**WORK REQUIRED:**
Print exactly, and only, the lines from the one containing "Casaco Masculino Primavera" through the last line of the records below, both included; leave out the pictures.

INFORMATION SHOWN: Begin

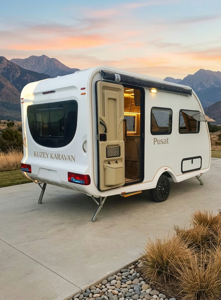 PUSAT, 3-4 kişilik kullanım için geliştirilen 4.20 x 2.14 ölçülerinde kompakt bir yaşam karavanıdır. 6 kişilik oturma düzeni, 3-4 yatak kapasitesi, 150 lt temiz su deposu, WC altyapısı, güneş paneli sistemi ve 5 kW Webasto ısıtma ile hem kısa kaçışlar hem de uzun yol planları için dengeli bir çözüm sunar. Özel imalat 3 mm çelik şase, 2.5 mm tek parça polyester üst yapı ve doğal yağ ile renklendirilen iç mobilyalar, modelin üretim karakterini belirler.
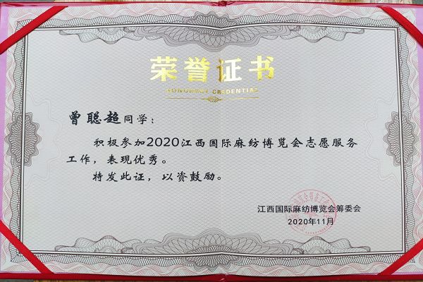 2020年 江西省国际麻纺博览会“优秀志愿者”
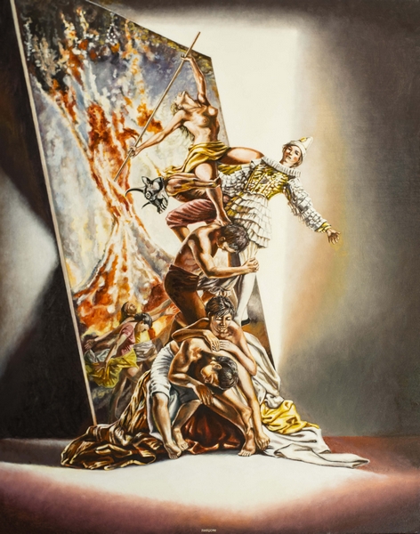Un pittore dei sentimenti e delle emozioni che non ha mai rinunciato al privilegio di dipingere ciò che vede, percepisce, sente per costruire una personalissima architettura dell'anima che si nutre di pathos in movimento, abitata da piramidi di corpi, leggeri, che in linea verticale, tracciano la loro strada alla ricerca della felicità. Sergio Nardoni predilige paesaggi e composizioni reali e metafisici allo stesso tempo, abitati da figure umane che diventano personaggi, segni distintivi, simboli di una perfetta sintesi tra la dimensione figurativa e l'interpretazione dell'irrealtà. Il viaggio di Nardoni, al fianco dei suoi 'personaggi', donne e uomini, apparentemente silenti, distanti ed estranei gli uni rispetto agli altri, avvolti da panneggi di ispirazione classica, arricchisce le sale dello storico Palazzo Malaspina, cuore medievale di San Donato in Poggio. Essi danno forma e voce all'azione dinamica della cultura, affiancati da personaggi in costume, catapultati da un palcoscenico teatrale o circense, tratti da un mondo parallelo fantastico dal sapore retrò. Sono gli ambasciatori nel mondo dell'inconfondibile Nardoni che ricorrono nel lungo cammino culturale del maestro, portati ovunque, nelle scuole, nelle grandi città e università del mondo, dagli Stati Uniti alla Cina, dove il pittore ha esposto e insegnato.
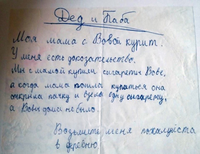 Смешнее и серьёзнее детских рисунков могут быть только детские записочки и письма. Оставленные на столе, приколотые к холодильнику или затесавшиеся между упражнением по "русскому" и домашкой по математике - они напоминают о том, что все наши взрослые заботы - полная чушь. А вот проблемы детей важны и требуют немедленного решения.
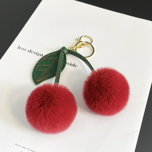 新款仿毛单叶樱桃毛绒挂件时尚汽车批发钥匙扣网红可爱包包挂件饰
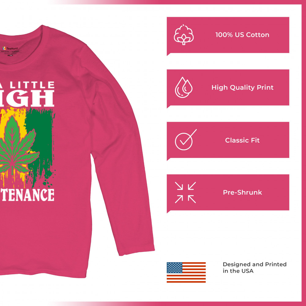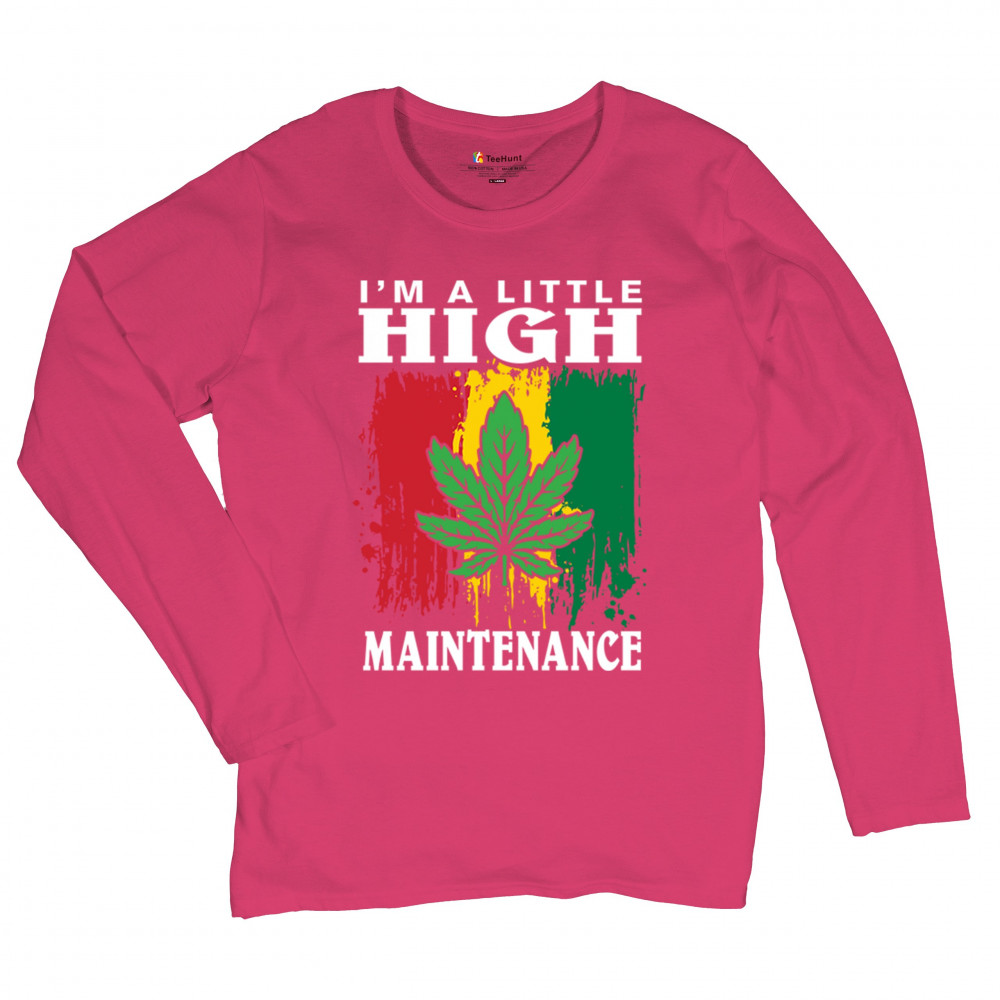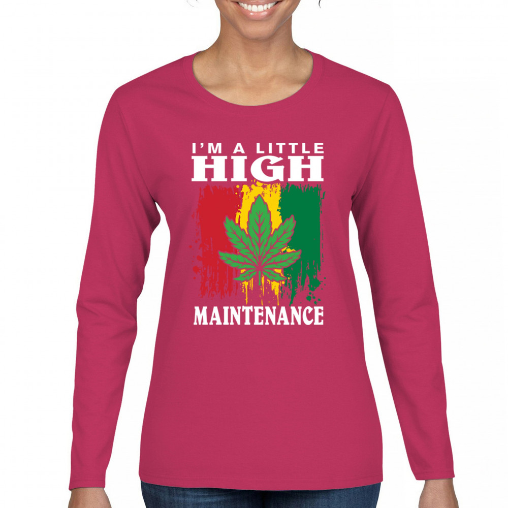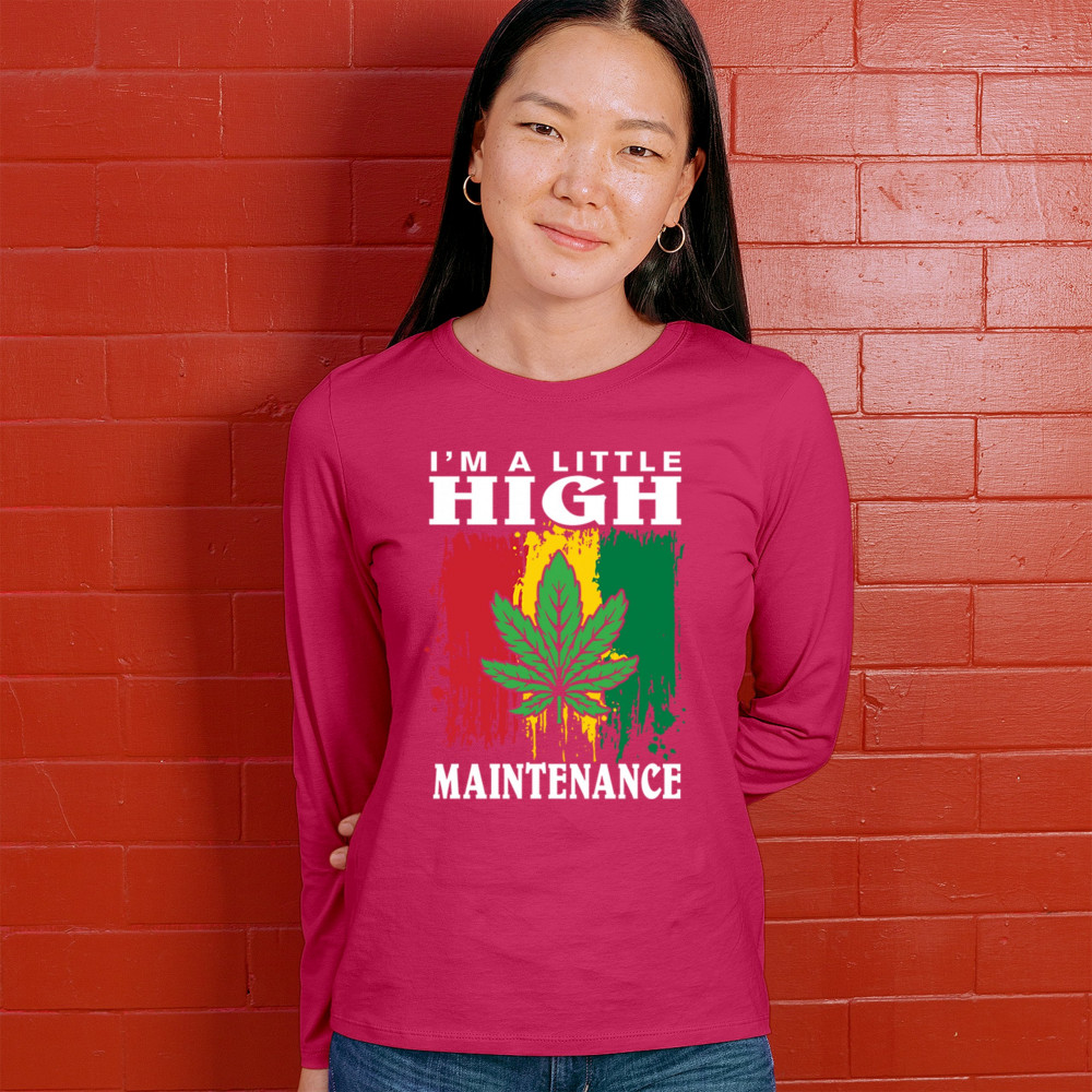 "I'm a Little High Maintenance" design with a bold cannabis leaf and vibrant background. Perfect for fans of Mary Jane, humor, and relaxed, trippy style.
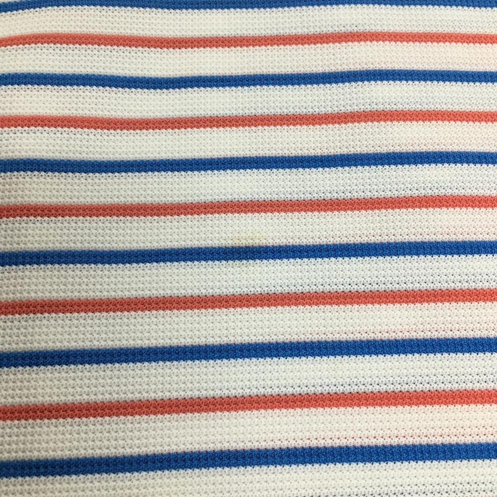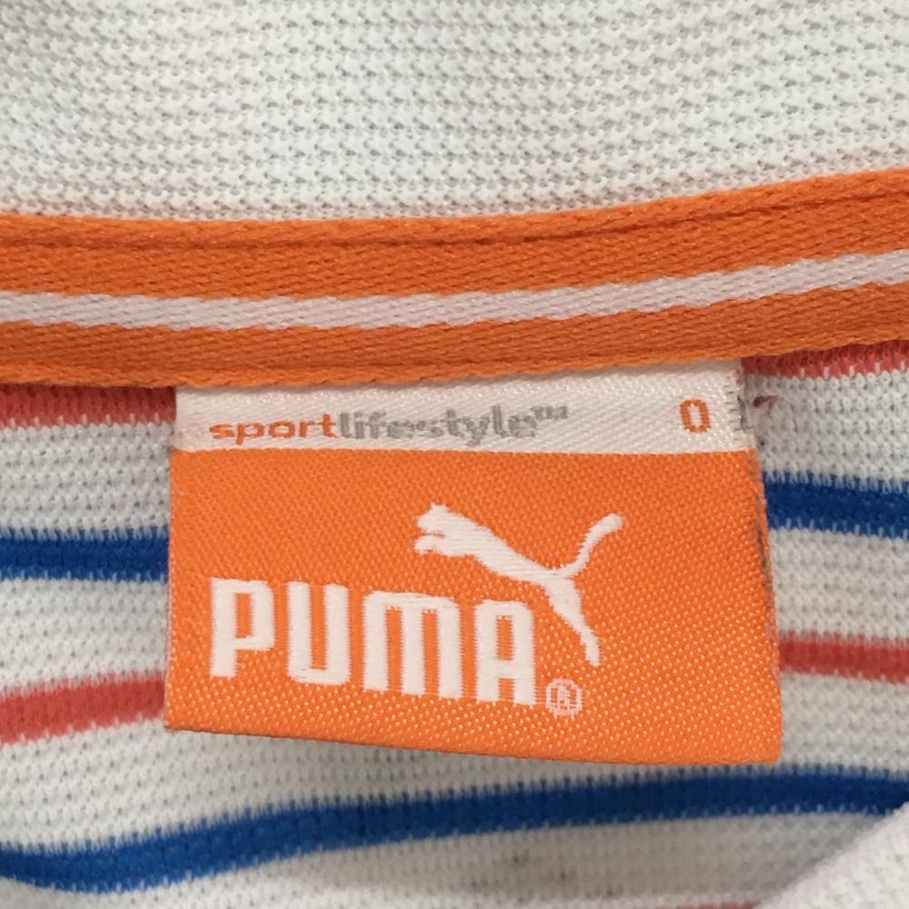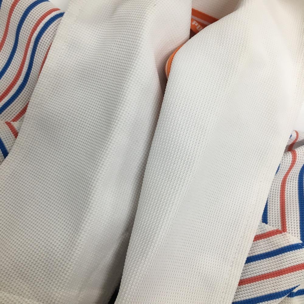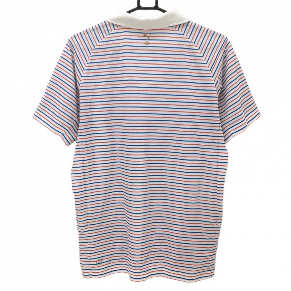 プーマ 半袖ポロシャツ 白×レッド ボーダー柄 ロゴ刺しゅう DRY CELL スキッパーシャツ メンズ O ゴルフウェア PUMA
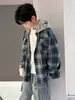 Casaco Masculino Primavera 2026 Novo Estilo Primavera Meninos Crianças Grandes Tendência Legal Bonito Com Capuz Top Camisa Xadrez Infantil
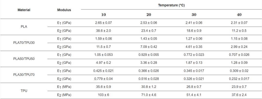 表1. PLA、TPU和PLA/TPU混合物的E1和E2的温度依赖性

INFORMATION SHOWN: End

**TASK RESULT:**
 Casaco Masculino Primavera 2026 Novo Estilo Primavera Meninos Crianças Grandes Tendência Legal Bonito Com Capuz Top Camisa Xadrez Infantil
 表1. PLA、TPU和PLA/TPU混合物的E1和E2的温度依赖性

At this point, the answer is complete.